“Yep.” She nodded. “As soon as Becca’s packed, I’m ready. Barkley’s going to camp out in the barn with the other animals until Charlie can pick him up and take him to his place. So”—she looked around her home one last time to see that everything was as it should be—“I guess we’re all set.”
He nodded and walked down the short hallway to Becca’s room, when the phone rang again. Maggie snatched it up, crossing her fingers in the hope that it was her sister.
“Ms. McCrae?” A male voice. Her heart nose-dived. “This is Craig Beaumont. I work with your sister, and I was just checking to see if you had any idea where she might be.”
Maggie sagged against the cupboards. “No,” she said, her throat closing. This was all starting to be too real. She’d never met Beaumont, only knew he was a “pretty boy who would sell his mother to the devil for higher ratings,” according to Mary Theresa. Craig was worried, he claimed, and explained how Marquise hadn’t come in to work last Friday, how everyone at the station was worried, and how they’d been checking around. “…we tried to call earlier, but couldn’t get hold of you.”
“I’m sorry.” She hung up a few seconds later and felt dead inside, her hopes dashed.
“Trouble?” Thane asked as he walked into the kitchen, carrying her athletic bag and a smaller case that housed Becca’s portable CD player.
“That was the man Mary Theresa works with.”
“Ron Bishop, the station manager.”
“No, her cohost.”
“Beaumont.”
“Yes. They were just checking.”
“So she hasn’t shown up anywhere yet.”
“No.” She shook her head and decided that the sooner she got to Denver, the better. “We’d better get going.”

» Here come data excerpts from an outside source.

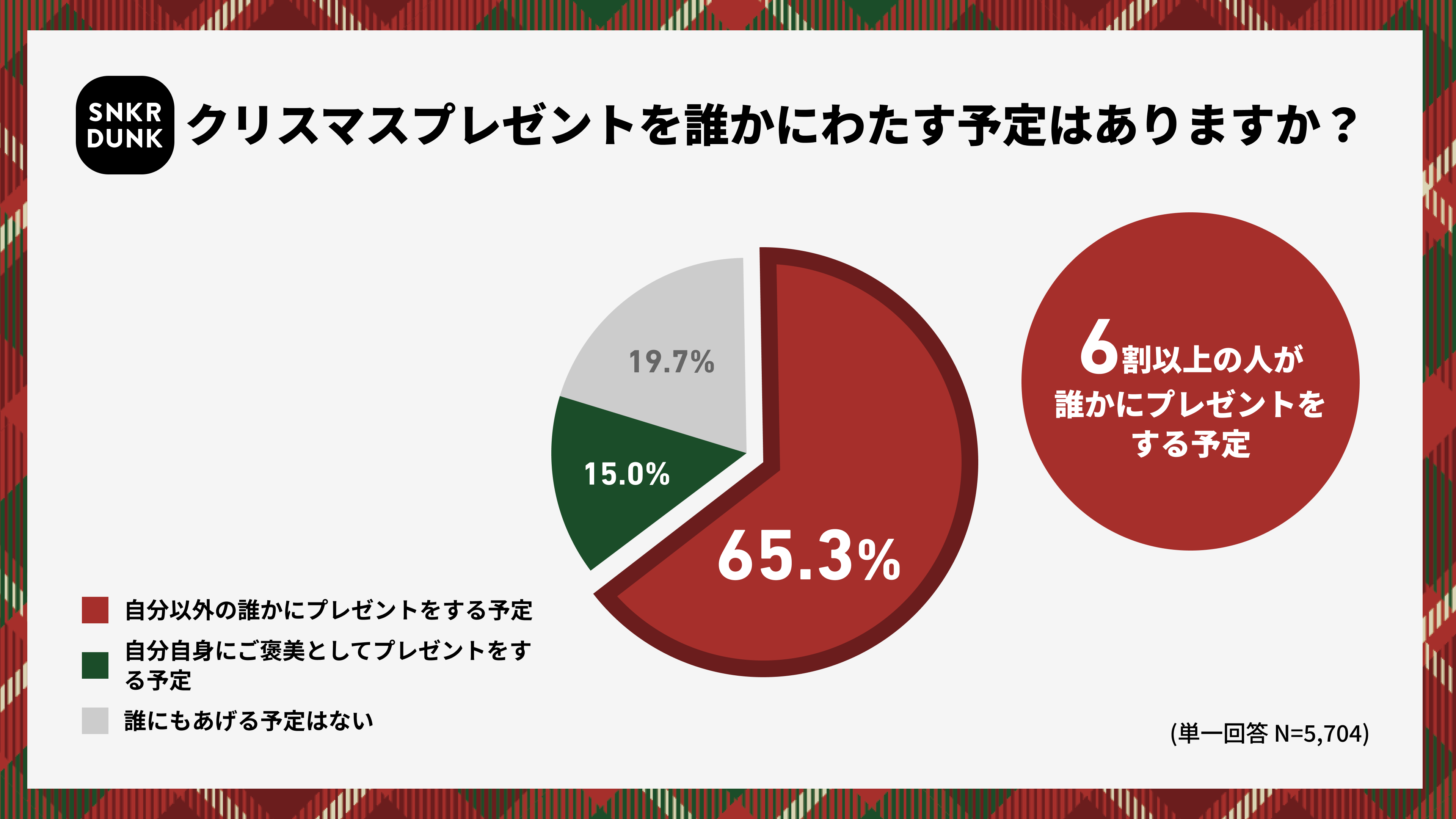 今年のクリスマスプレゼントを、自分以外の誰かにわたす予定があると回答した人は65.3%となりました。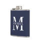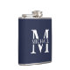 Personliga monogram och namnpresenter med personlig vit monogram i klassisk serif-stil med namn ruta i mitten av monogrammet på marinblå bakgrund.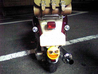 | オークションでゲットした80年代(?)パーツのスマイリーブレーキランプを取り付けました。 | このように光ります。 | カッティングシートでSP忠男の目玉マーク女の子バージョン(まつげがある)作りました。 |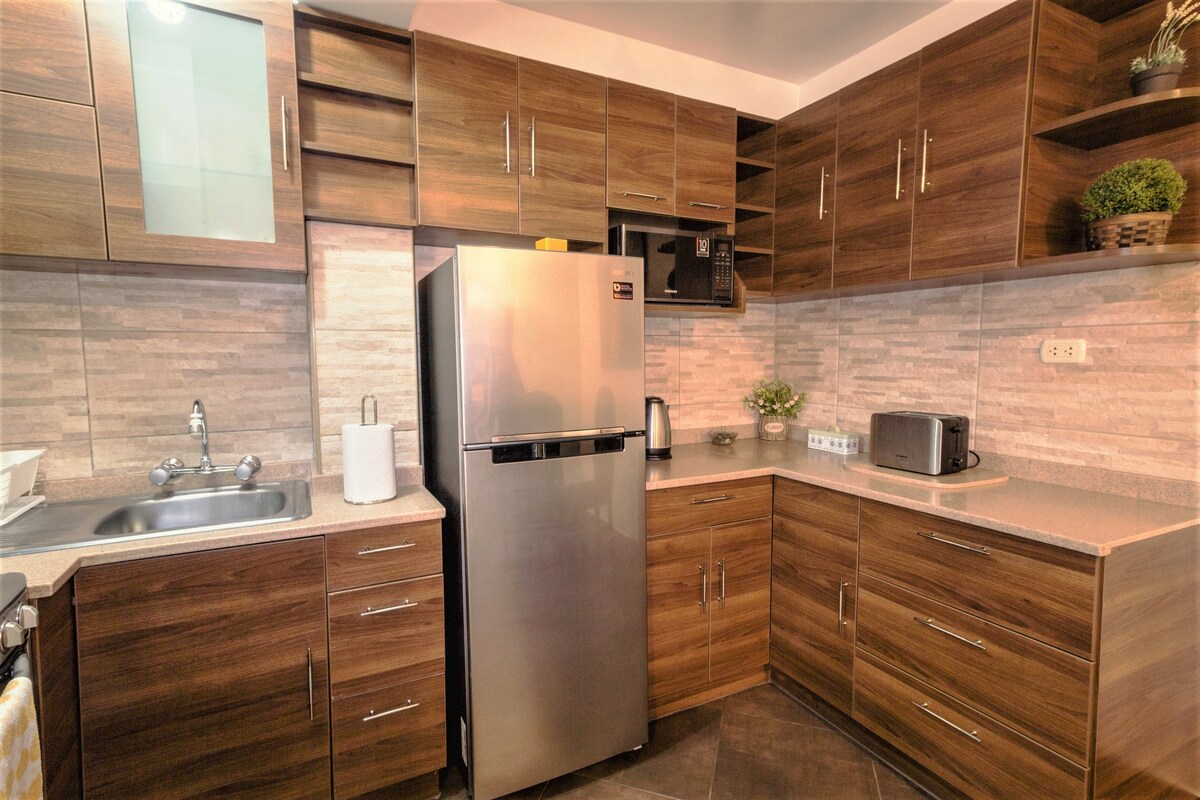 Ang apartment ay matatagpuan sa isang gitnang lugar ng Cusco, kung saan makakahanap ka ng mga supermarket, restawran, parmasya, bangko at institusyong pinansyal, mga bahay ng palitan, mga klinika sa kalusugan at iba pa, simple, functional, maaliwalas at maliwanag na modernong dekorasyon. Living room na may library, Wifi, Netflix, Magic cable, kumportableng sofa, modernong kusinang kumpleto sa kagamitan at silid - kainan, shower na may maraming mainit na tubig 24 na oras, terrace na may payong at malalawak na tanawin ng lungsod.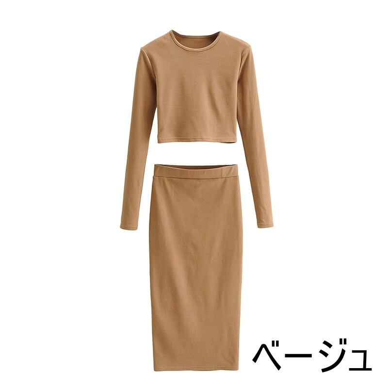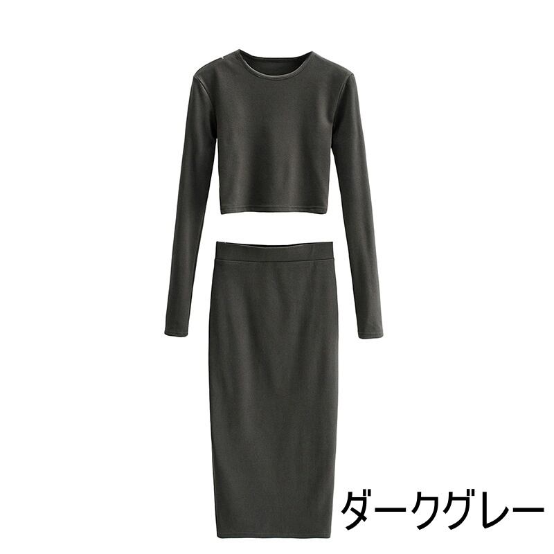 レディース トップス スカート セットアップ ニットソー ロングスカート タイトスカート ニットスカート 膝下 ロング ロング丈 袖あり 半袖 萌袖 Uネック ラウンドネック クルーネック 襟なし スリム タイト 細身 ストレート 伸縮性 ポリエステル 厚手 ベロア 上下セット 2点セット かわいい カジュアル 大人 おしゃれ お洒落 かっこいい モード系 抜け感 S M 黒 ブラック ブラウン 灰色 グレー ベージュ 無地 春 秋 冬 10代 20代 デート お出かけ 女子会 送料無料 | Rena 韓国ファッション レディースアパレル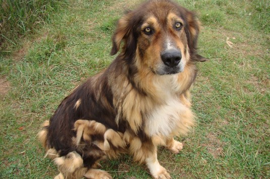 Karakachans shed.. a lot. FiFi will sit for a treat and lets us pet her but she runs away when we try to put flea and tick medicine on her and absolutely wont’ be brushed. Oh well. She won’t win any beauty contests for that coat (but just might for that face).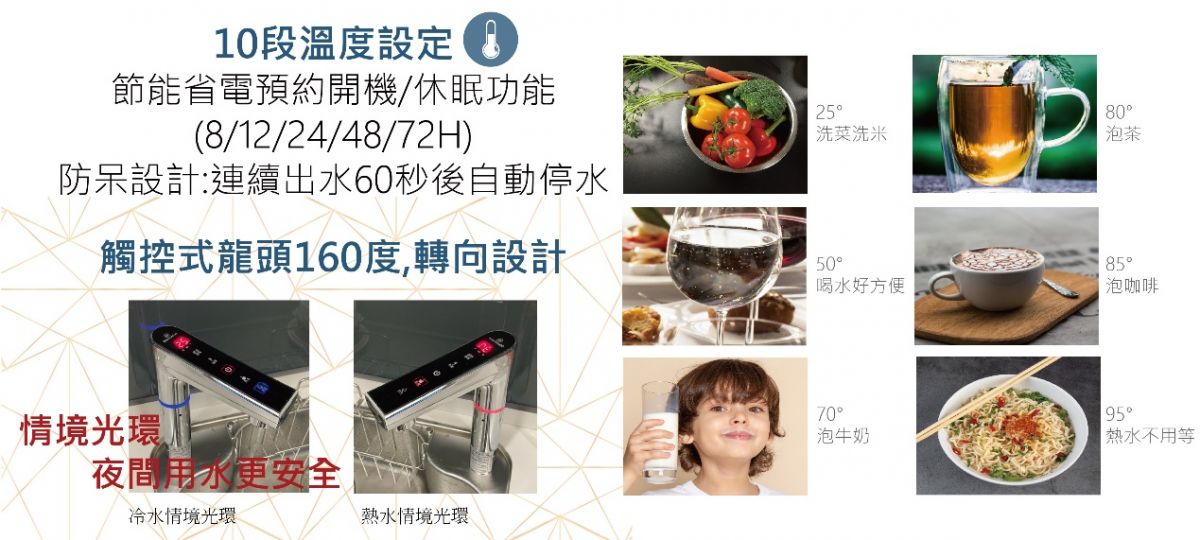 | SUS316醫療級不銹鋼電熱棒加熱法 SUS316醫療級不銹鋼熱缸缸體 觸控式龍頭設定換芯提醒 日本三菱H5高硬度耐磨觸控面板 |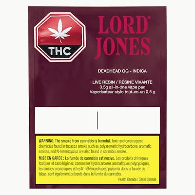 Lord Jones - Pure Live Resin Vape - Deadhead OG AIO Disposable - Indica - 0.5g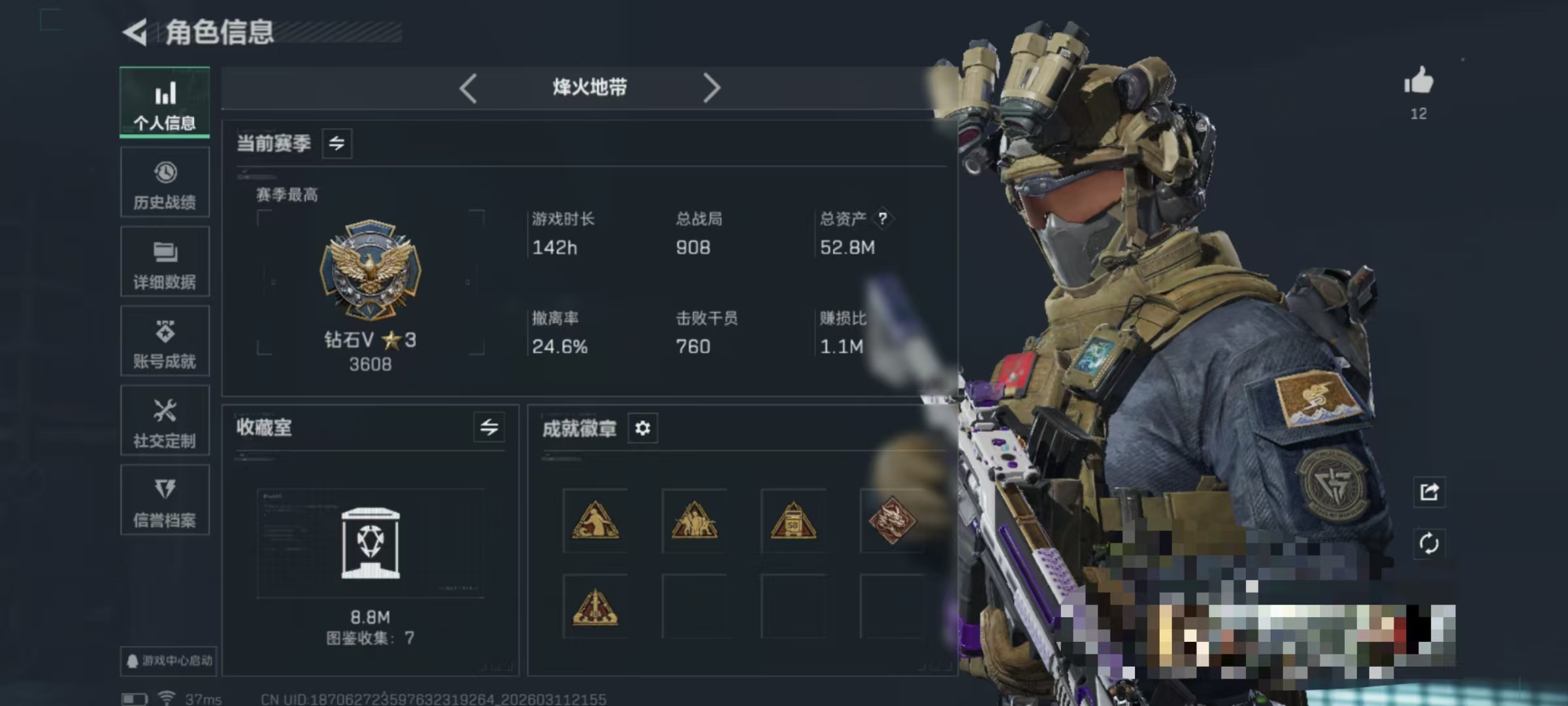 104m总资产-4256k哈伏币-60烽火等级-钻石-37战场等级-上等兵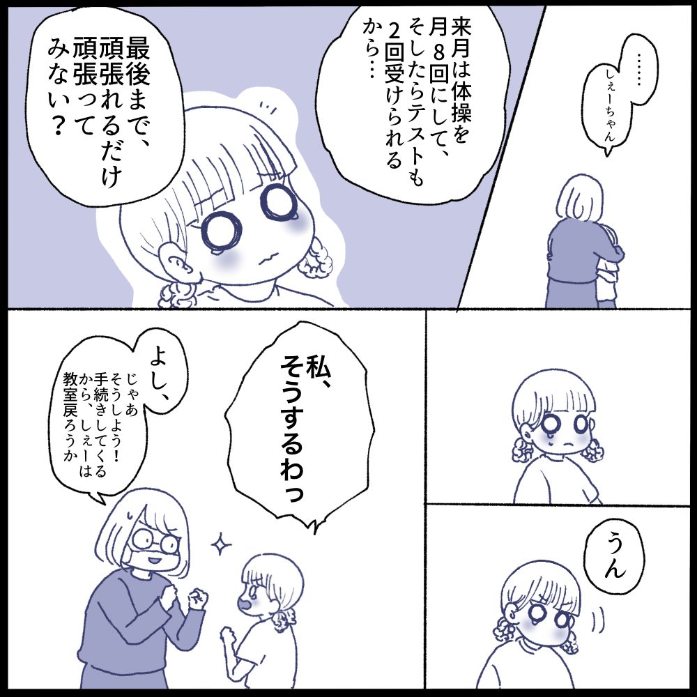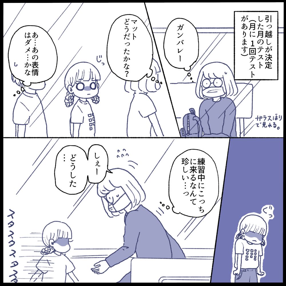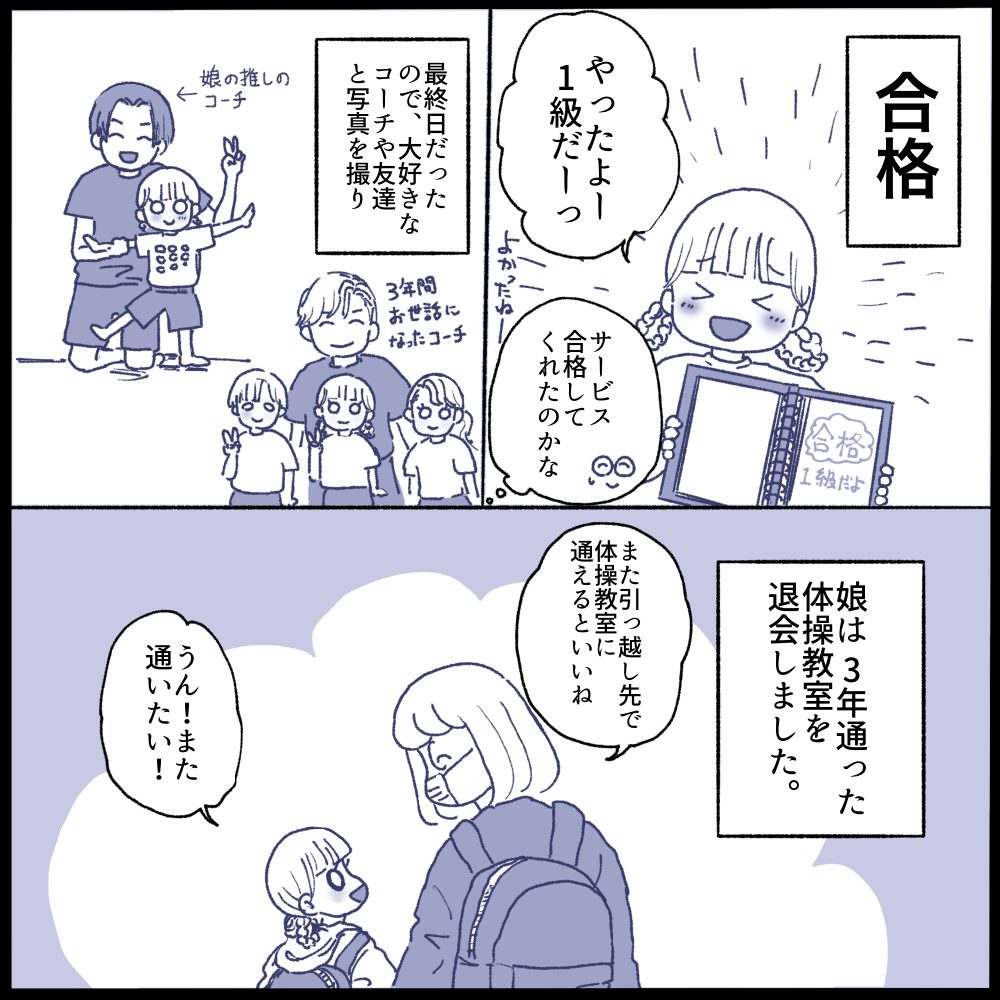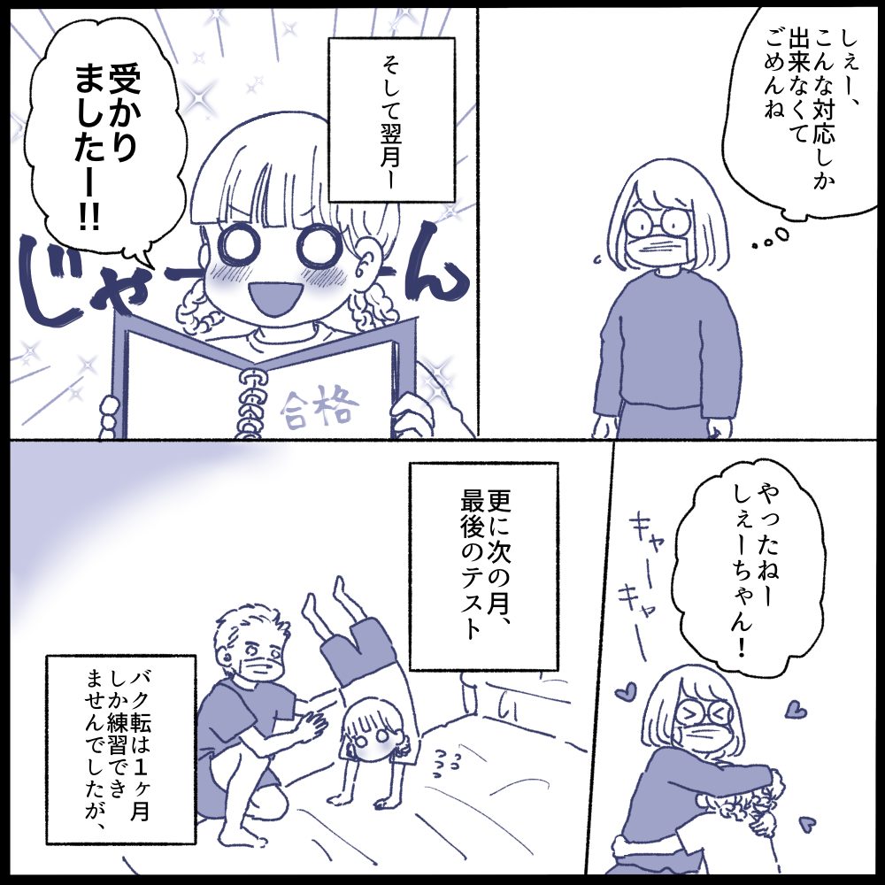 引っ越すと決まってから、娘はずっと目標にしてた「バク転」の級に上がって少しでも習ってから辞めたいと思ってたみたいで…不合格になって、残りの期間も短くて…今まで保護者席に来ることなんてなかったのに本当に悔しかったんだなと思います😢

“I’ll load up.” Maggie helped Becca out to the truck, apologized profusely to Barkley as she locked him in a stall with the horses, then closed her ears to the sound of his whining as she slammed the door of the barn shut behind her.
With one eye to the clouds that gathered in the morning sky, Thane stowed the bags beneath a canopy covering the bed of his truck, then climbed behind the wheel. They were squeezed together more tightly than Maggie liked, but she held her tongue.
As soon as they put Becca on the plane, there would be more distance between Thane and her. She found little comfort in the thought, however, because from that point on she and the one man she’d sworn never to trust would be alone, driving through a desolate part of the country where sometimes the radio reception was so bad that they would be forced to keep each other company.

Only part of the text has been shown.